Segment Start: Supplied records

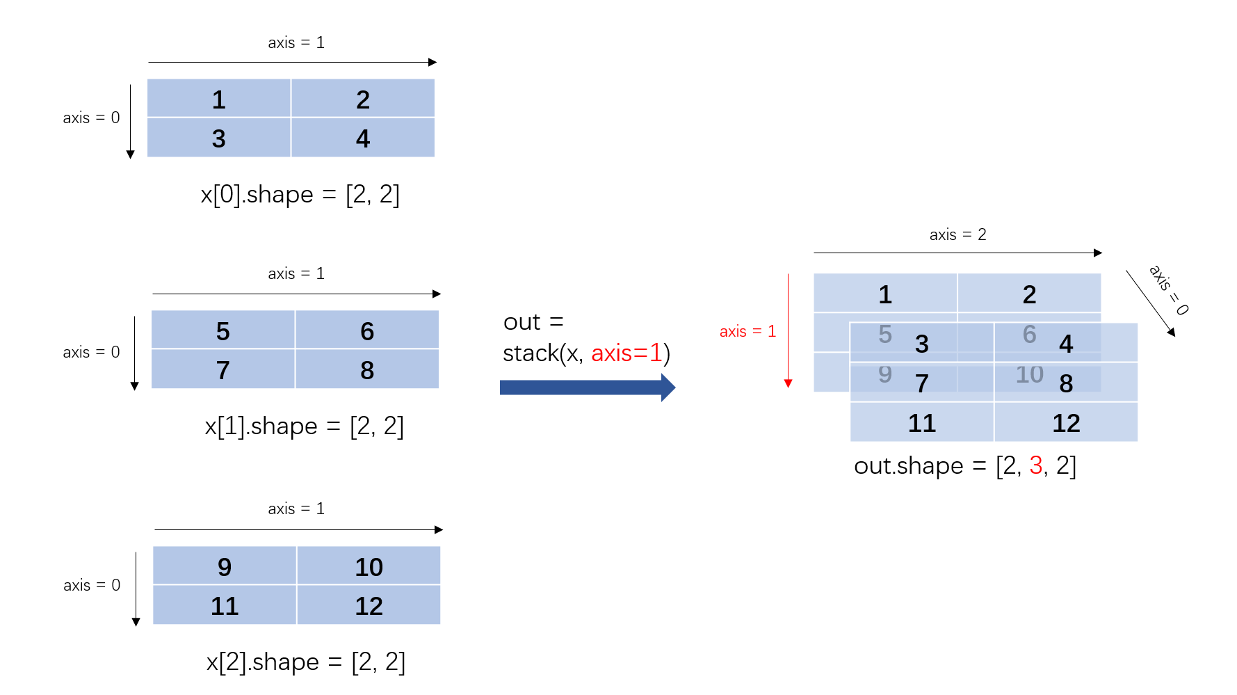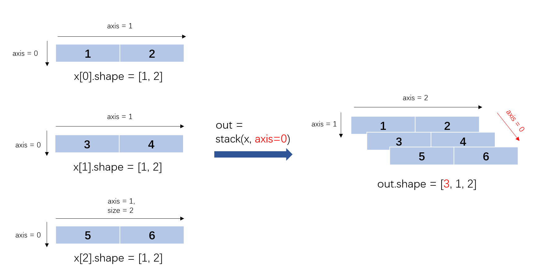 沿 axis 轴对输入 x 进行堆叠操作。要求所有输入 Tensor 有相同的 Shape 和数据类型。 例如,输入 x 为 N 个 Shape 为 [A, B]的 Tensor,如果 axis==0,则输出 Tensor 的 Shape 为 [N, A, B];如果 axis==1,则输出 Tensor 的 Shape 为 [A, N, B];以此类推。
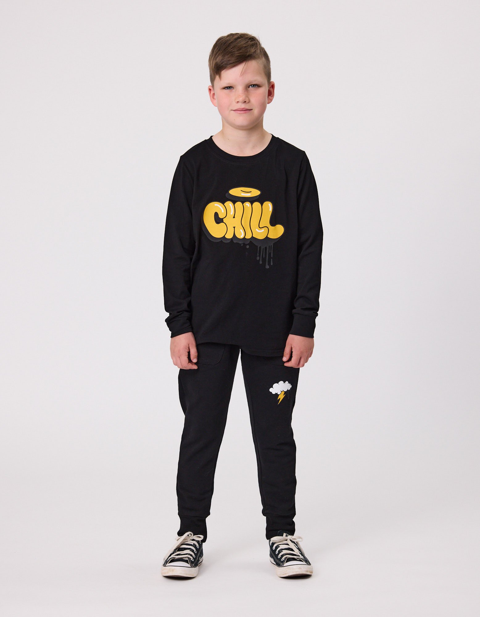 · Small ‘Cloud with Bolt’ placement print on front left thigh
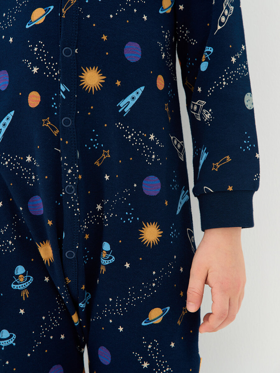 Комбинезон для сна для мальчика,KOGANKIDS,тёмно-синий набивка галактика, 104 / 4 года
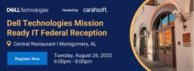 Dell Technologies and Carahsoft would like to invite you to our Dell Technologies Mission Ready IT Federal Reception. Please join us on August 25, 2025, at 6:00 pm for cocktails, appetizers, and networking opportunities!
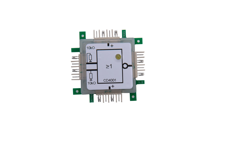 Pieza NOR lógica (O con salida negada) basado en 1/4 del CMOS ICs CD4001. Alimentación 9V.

Segment End: Supplied records

• To do:
Copy nothing but the lines above that run from the one with "front left thigh" to the one with "Комбинезон для сна", ends included; pictures stay out.

• Solved exercise:
 · Small ‘Cloud with Bolt’ placement print on front left thigh
 Комбинезон для сна для мальчика,KOGANKIDS,тёмно-синий набивка галактика, 104 / 4 года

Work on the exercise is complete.